Si el partido de Arrimadas, mucho menos bizcochable que el de Illa a la hora de tenérselas tiesas con los indepes, ha sido un jarrón chino durante esta legislatura, ¿por qué extraña razón debería el PSC sacarle más provecho a su condición de vencedor minoritario? ¡Qué grande tiene que ser el sentimiento de orfandad de los constitucionalistas catalanes para que, a pesar de todo, muchos de ellos hayan decidido respaldar esa apuesta! 

Otros muchos, menos optimistas, han decidido emigrar de Ciudadanos a Vox. La fuerza de Abascal ha obtenido el 7,6 por ciento de los votos y 11 escaños. Cuarta fuerza. No solo ha sorpassado al PP, sino también a Ciudadanos, a Podemos y a la Cup. El auge de los abascalistas tiene lógica. Su discurso es enérgico y proyecta la contundencia que buscaban los electores que se adhirieron al proyecto de Arrimadas antes de quedar defraudados por su inacción. Pero el hecho de que ese nutrido grupo de desencantados haya preferido apostar por Vox en vez de hacerlo por el PP me parece uno de los hechos más significativos, si extrapolamos los resultados al ámbito nacional, de estas elecciones. 

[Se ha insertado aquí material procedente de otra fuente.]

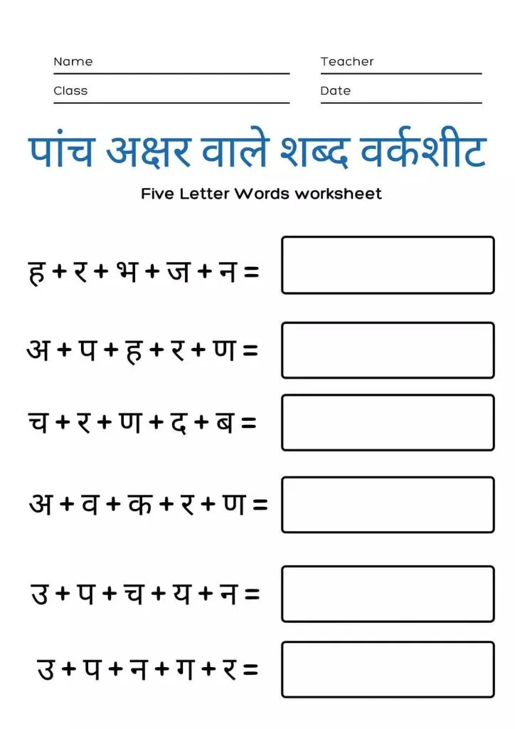 पांच अक्षर वाले शब्द वर्कशीट के साथ निचे दिया गया। इसे आप डाउनलोड के बटन पर क्लिक करके आसानी से अपने फोन में सेव कर सकते है।
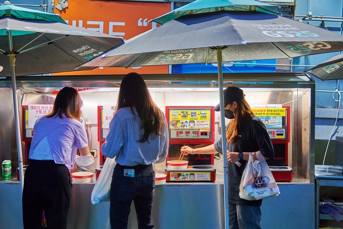 라면 끓이기에 익숙하지 않아도 가장 맛있는 라면을 먹는 방법이 있다. 바로 편의점 라면 기계를 이용하는 것. K-예능에 종종 등장해 궁금증을 자아내는 편의점 라면 기계는 라면을 고르고 기계에 올리기만 하면 알아서 물의 양, 시간 등을 조절해 최적으로 끓여주어 최고의 라면을 맛볼 수 있다. 여기에 삼각김밥 한 개를 곁들이면 식사가, 맥주 한 캔을 곁들이면 안주가 된다.
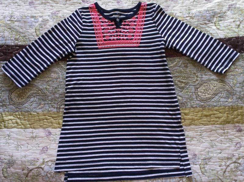 31. Туника Osh Kosh 7л, рукав 3/4 30 см от плеча, полуобхват 34, длина сзади 56, спереди 53, 300 руб.
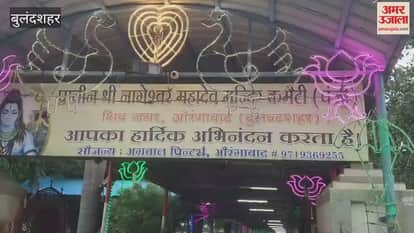 बुलंदशहर के औरंगाबाद में प्राचीन श्री नागेश्वर महादेव मंदिर पर जलाभिषेक करते श्रद्धालु
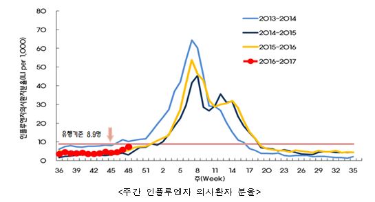 인플루엔자 의사환자수(유사증상환자)는 2016년 46주(11.6.∼12.) 4.5명, 47주(11.13.∼19.) 5.9명, 48주(11.20.∼26.) 7.5명(잠정치)으로 유행기준(8.9명)에 근접하고 있다.
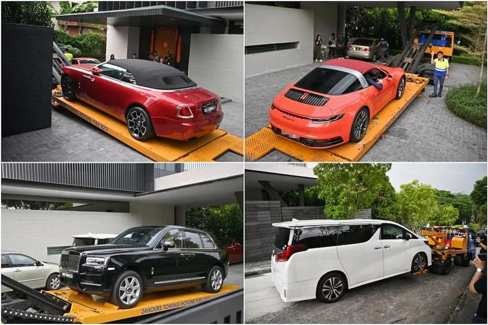 சிங்கப்பூர் அதிகாரிகள் அம்பலப்படுத்திய $2.8 பில்லியன் கள்ளப்பண விவகாரத்தில் தொடர்புடைய நான்கு விலையுயர்ந்த ஆடம்பர கார்கள் புக்கிட் தீமா ரோடு அருகே உள்ள தேர்ட் அவென்யூவில் இருக்கும் ஒரு பங்களாவில் இருந்து கட்டி இழுத்துச் செல்லப்பட்டன.

Casado no ha sido capaz de mejorar la imagen decadente y anémica del partido que heredó de Rajoy. De hecho, ha empeorado los registros de 2017. 3,8% —medio punto menos—, y 3 escaños. Uno menos de los que obtuvo García Albiol en la peor cosecha popular de todos los tiempos. El propósito de Casado de vigorizar al principal partido de la derecha, de dotarle de pujanza ideológica tras la desecación rajoyista, de hacerlo aparecer ante los ojos de los ciudadanos como una herramienta útil para contrarrestar la amenaza que se cierne sobre la idea de España, ha devenido en fracaso. En gran fracaso

Y eso es lo desolador. Los dos partidos que se movían en el centro del espectro ideológico, PP y Ciudadanos, salen hechos papilla de esta contienda. Ese espacio de moderación queda ahora casi deshabitado y deja expedito el camino a la crispación de la contienda entre posiciones extremas. El PSOE, mientras tenga a Sánchez como líder y a Podemos como socio, no podrá arrastrar el voto de lo que Iván Redondo suele llamar “la mayoría cautelosa”. Y menos a la vista del papel que tendrán que desempeñar Illa a partir de mañana. 

La victoria de ERC, que finalmente se ha impuesto a Junts en la recta de tribunas de la campaña, solo abre dos expectativas de gobierno en Cataluña: la reedición del bipartito independentista, intercambiando los roles, o una insensata aventura monocolor de los republicanos, con el apoyo externo de PSC y En Comú Podem. Los tres juntos suman 74 escaños, 6 más de la mayoría absoluta. En ambos casos Illa está condenado a hacer de palanganero de Junqueras. En el primer supuesto para conseguir que la estabilidad parlamentaria de Sánchez no pierda a un socio imprescindible. Y en el segundo, por razones obvias. Desde hoy, el constitucionalismo se ha quedado huérfano en el Parlament. España está de luto.